• _Problem to work on_:
An exact copy of the data below is needed; please leave out any pictures.

### Records for this exercise ###

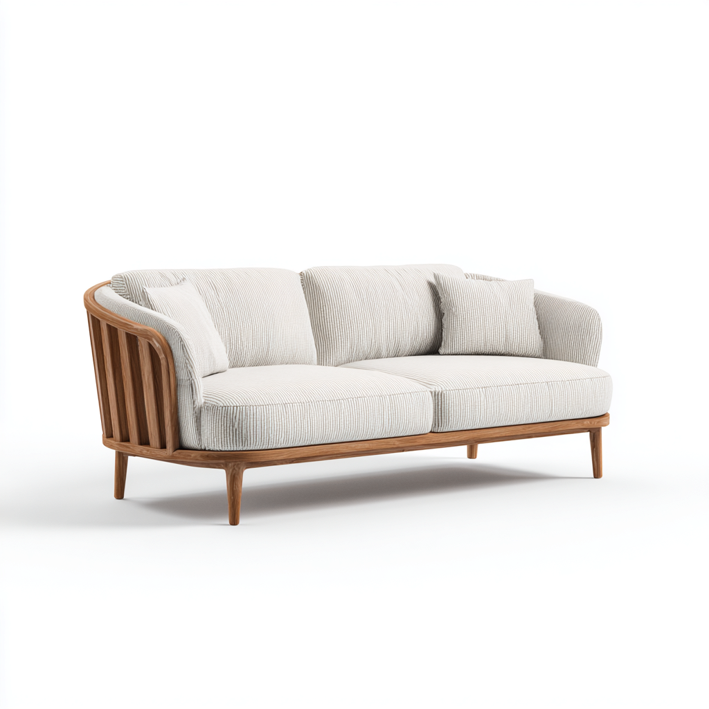 Divano da esterno Legno-Tessuto 180x85x80 cm - Beige-Legno naturale - Design moderno
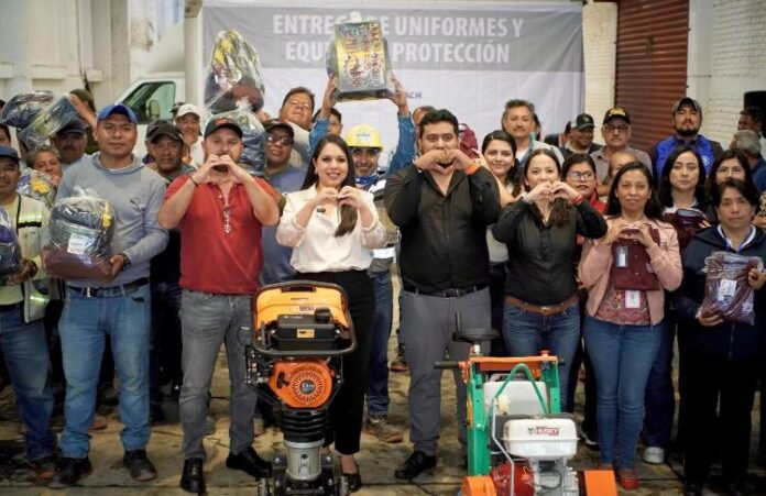 La presidenta municipal de San Pedro Cholula, Tonantzin Fernández Díaz, entregó uniformes, equipo de protección y herramienta al personas del Sistema Operador de los Servicios de Agua Potable y Alcantarillado del Municipio (Sosapach).
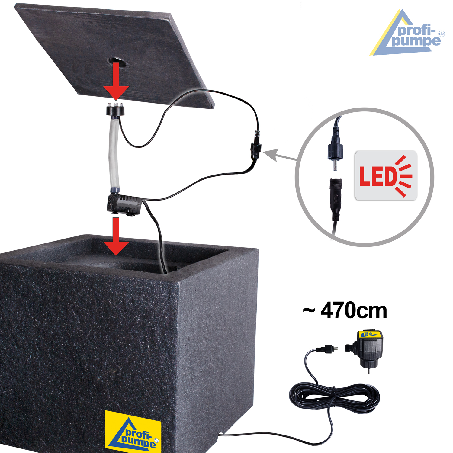 Der moderne Zierbrunnen mit LED-Beleuchtung ist für den 230-Volt-Betrieb vorgesehen. Die Pumpe und die LEDs werden mit sicherer 12V-Niederspannung betrieben (Adapter im Lieferumfang enthalten). Alle Kabelverbindungen sind verpolungssicher, wasserdicht und absolut funktionssicher. Dank praktischer Steckverbindungen sind alle Komponenten jederzeit austauschbar. So können Sie den Wasserbrunnen BASALT-MODERNA und das fließende Wasser jahrelang genießen!
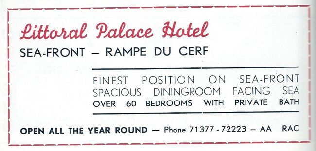 Het "Littoral Palace Hôtel" gevestigd op de hoek van de Zeedijk en de Hertstraat. Later gekocht door "Les Heures Claires". Onlangs afgebroken. (Omer Vilain)
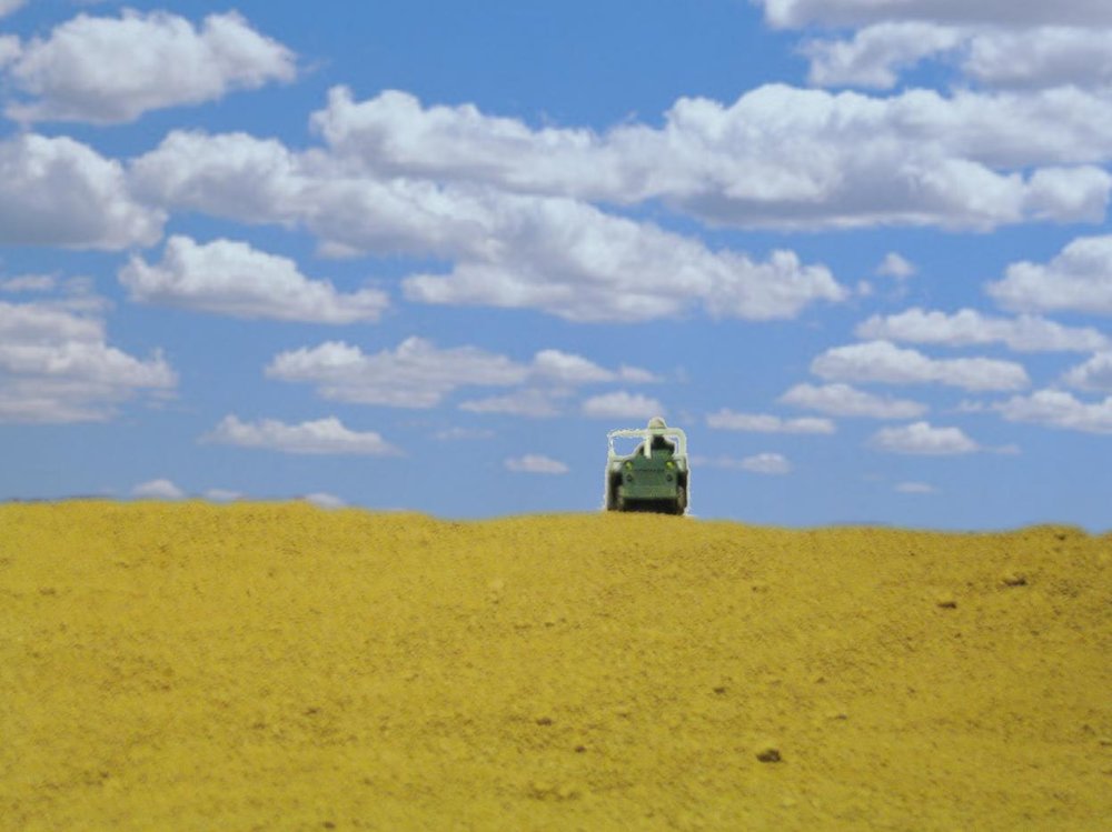Jag tackar så mycket för hjälpen! Jag blev väldigt inspirerad av Quantums bild. Men det känns ändå inte riktigt "mitt" att använda andras bilder. Därför kommer jag göra ett försök att skapa berg själv genom att göra jordhögar med stenar på. Lägger upp resultatet när jag är färdig. Har dock en annan bild att visa upp. Vad tycker ni om den? Det ska föreställa en liten kulle som utgör horisonten mot himlen. Ser det dåligt ut? (Bortse från bilen.) Undrar också vilken effekt jag ska använda för att skapa det ljuset som Quantums la till på min bild. Testade med curves med fick det inte till det så bra.
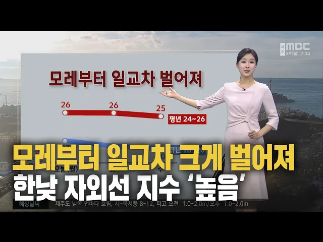 뉴스투데이 뉴스데스크뉴스투데이기획뉴스유튜브 뉴스페이스북 뉴스 prev 2025.9.29 - 월요일 next 일제강점기 사진엽서 특별전 개최 일제강점기 제주 풍경을 담은 사진엽서를 볼 수 있는 전시회가 열립니다. 제주도민속자연사박물관은 오늘부터 내년 1월 25일까지 광복 80주년 기념 특별전 '식민의 시선, 제주 풍경'을 마련합니다. 이번 ... 김항섭 추석 연휴 양지공원 특별 관리대책 시행 추석 연휴 기간 동안 양지공원에 3만 명이 넘는 추모객이 방문할 것으로 예상되면서 특별 관리대책이 시행됩니다. 제주도는 추석 연휴 기간 동안 양지공원 봉안시설 내 제례실을 폐쇄하고 추석 당일 화장... 김항섭 추석 연휴 앞두고 치안활동 강화 추석 연휴를 앞두고 치안활동이 강화됩니다. 제주경찰청은 오는 29일부터 추석 연휴가 끝나는 다음 달 12일까지 관광객이 밀집하는 장소와 번화가, 전통 시장에서 순찰을 늘리고 범죄 발생에 대비해 112상... 김항섭 추석 앞두고 신권 교환‥1인당 오만 원권 100만 원 한도 추석을 앞두고 신권 교환이 실시됩니다. 한국은행 제주본부는 다음달 2일까지 하루에 1인당 5만 원권과 만 원권을 각각 100만 원씩, 5천원 권은 50만 원, 천원권은 20만 원을 한도로 신권을 교환한다고 ... 박주연 제주, 흐림 속 자외선 지수 '높음' 완연한 가을 기운이 느껴지는 요즘입니다.현재 비구름대가 물러나면서 흐린 하늘이 드리워져 있는데요. 오늘은 종일 흐리겠지만, 낮 동안에는 햇살이 간간이 비치겠습니다.오늘 아침 기온 23도로 선선하게... 김희서
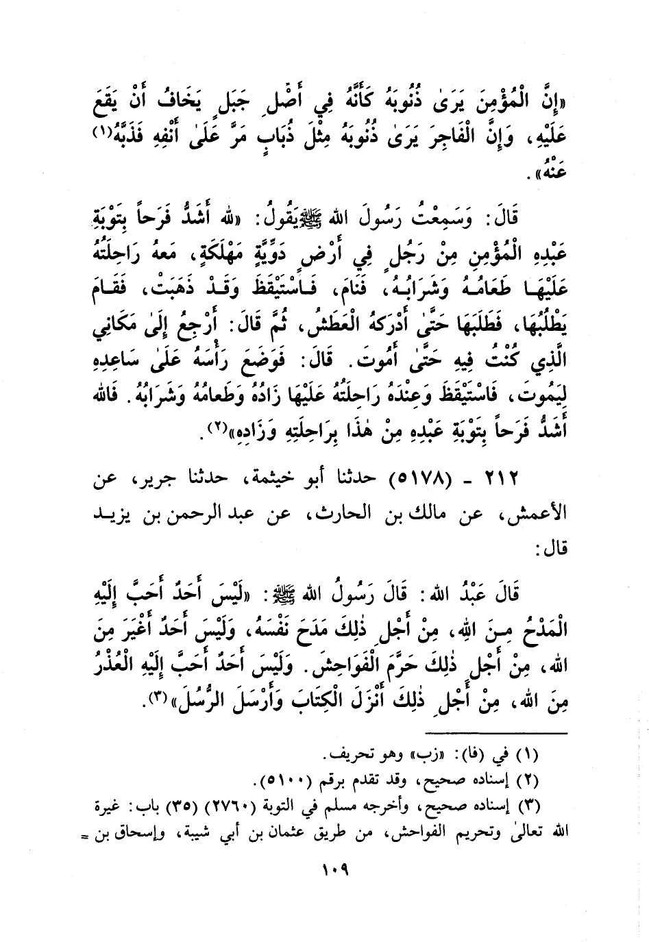 5178 - حَدَّثَنَا أَبُو خَيْثَمَةَ، حَدَّثَنَا جَرِيرٌ، عَنِ الْأَعْمَشِ، عَنْ مَالِكِ بْنِ الْحَارِثِ، عَنْ عَبْدِ الرَّحْمَنِ بْنِ يَزِيدَ قَالَ: قَالَ عَبْدُ اللَّهِ: قَالَ رَسُولُ اللَّهِ صَلَّى اللهُ عَلَيْهِ وَسَلَّمَ: «§لَيْسَ أَحَدٌ أَحَبَّ إِلَيْهِ الْمَدْحُ مِنَ اللَّهِ، مِنْ أَجْلِ ذَلِكَ مَدَحَ نَفْسَهُ، وَلَيْسَ أَحَدٌ أَغْيَرَ مِنَ اللَّهِ، مِنْ أَجْلِ ذَلِكَ حَرَّمَ الْفَوَاحِشَ، وَلَيْسَ أَحَدٌ أَحَبَّ إِلَيْهِ الْعُذْرُ مِنَ اللَّهِ، مِنْ أَجْلِ ذَلِكَ أَنْزَلَ الْكِتَابَ وَأَرْسَلَ الرُّسُلَ» Kإسناده صحيح

###

• _Output for this task_:
 Divano da esterno Legno-Tessuto 180x85x80 cm - Beige-Legno naturale - Design moderno
 La presidenta municipal de San Pedro Cholula, Tonantzin Fernández Díaz, entregó uniformes, equipo de protección y herramienta al personas del Sistema Operador de los Servicios de Agua Potable y Alcantarillado del Municipio (Sosapach).
 Der moderne Zierbrunnen mit LED-Beleuchtung ist für den 230-Volt-Betrieb vorgesehen. Die Pumpe und die LEDs werden mit sicherer 12V-Niederspannung betrieben (Adapter im Lieferumfang enthalten). Alle Kabelverbindungen sind verpolungssicher, wasserdicht und absolut funktionssicher. Dank praktischer Steckverbindungen sind alle Komponenten jederzeit austauschbar. So können Sie den Wasserbrunnen BASALT-MODERNA und das fließende Wasser jahrelang genießen!
 Het "Littoral Palace Hôtel" gevestigd op de hoek van de Zeedijk en de Hertstraat. Later gekocht door "Les Heures Claires". Onlangs afgebroken. (Omer Vilain)
Jag tackar så mycket för hjälpen! Jag blev väldigt inspirerad av Quantums bild. Men det känns ändå inte riktigt "mitt" att använda andras bilder. Därför kommer jag göra ett försök att skapa berg själv genom att göra jordhögar med stenar på. Lägger upp resultatet när jag är färdig. Har dock en annan bild att visa upp. Vad tycker ni om den? Det ska föreställa en liten kulle som utgör horisonten mot himlen. Ser det dåligt ut? (Bortse från bilen.) Undrar också vilken effekt jag ska använda för att skapa det ljuset som Quantums la till på min bild. Testade med curves med fick det inte till det så bra.
 뉴스투데이 뉴스데스크뉴스투데이기획뉴스유튜브 뉴스페이스북 뉴스 prev 2025.9.29 - 월요일 next 일제강점기 사진엽서 특별전 개최 일제강점기 제주 풍경을 담은 사진엽서를 볼 수 있는 전시회가 열립니다. 제주도민속자연사박물관은 오늘부터 내년 1월 25일까지 광복 80주년 기념 특별전 '식민의 시선, 제주 풍경'을 마련합니다. 이번 ... 김항섭 추석 연휴 양지공원 특별 관리대책 시행 추석 연휴 기간 동안 양지공원에 3만 명이 넘는 추모객이 방문할 것으로 예상되면서 특별 관리대책이 시행됩니다. 제주도는 추석 연휴 기간 동안 양지공원 봉안시설 내 제례실을 폐쇄하고 추석 당일 화장... 김항섭 추석 연휴 앞두고 치안활동 강화 추석 연휴를 앞두고 치안활동이 강화됩니다. 제주경찰청은 오는 29일부터 추석 연휴가 끝나는 다음 달 12일까지 관광객이 밀집하는 장소와 번화가, 전통 시장에서 순찰을 늘리고 범죄 발생에 대비해 112상... 김항섭 추석 앞두고 신권 교환‥1인당 오만 원권 100만 원 한도 추석을 앞두고 신권 교환이 실시됩니다. 한국은행 제주본부는 다음달 2일까지 하루에 1인당 5만 원권과 만 원권을 각각 100만 원씩, 5천원 권은 50만 원, 천원권은 20만 원을 한도로 신권을 교환한다고 ... 박주연 제주, 흐림 속 자외선 지수 '높음' 완연한 가을 기운이 느껴지는 요즘입니다.현재 비구름대가 물러나면서 흐린 하늘이 드리워져 있는데요. 오늘은 종일 흐리겠지만, 낮 동안에는 햇살이 간간이 비치겠습니다.오늘 아침 기온 23도로 선선하게... 김희서
 5178 - حَدَّثَنَا أَبُو خَيْثَمَةَ، حَدَّثَنَا جَرِيرٌ، عَنِ الْأَعْمَشِ، عَنْ مَالِكِ بْنِ الْحَارِثِ، عَنْ عَبْدِ الرَّحْمَنِ بْنِ يَزِيدَ قَالَ: قَالَ عَبْدُ اللَّهِ: قَالَ رَسُولُ اللَّهِ صَلَّى اللهُ عَلَيْهِ وَسَلَّمَ: «§لَيْسَ أَحَدٌ أَحَبَّ إِلَيْهِ الْمَدْحُ مِنَ اللَّهِ، مِنْ أَجْلِ ذَلِكَ مَدَحَ نَفْسَهُ، وَلَيْسَ أَحَدٌ أَغْيَرَ مِنَ اللَّهِ، مِنْ أَجْلِ ذَلِكَ حَرَّمَ الْفَوَاحِشَ، وَلَيْسَ أَحَدٌ أَحَبَّ إِلَيْهِ الْعُذْرُ مِنَ اللَّهِ، مِنْ أَجْلِ ذَلِكَ أَنْزَلَ الْكِتَابَ وَأَرْسَلَ الرُّسُلَ» Kإسناده صحيح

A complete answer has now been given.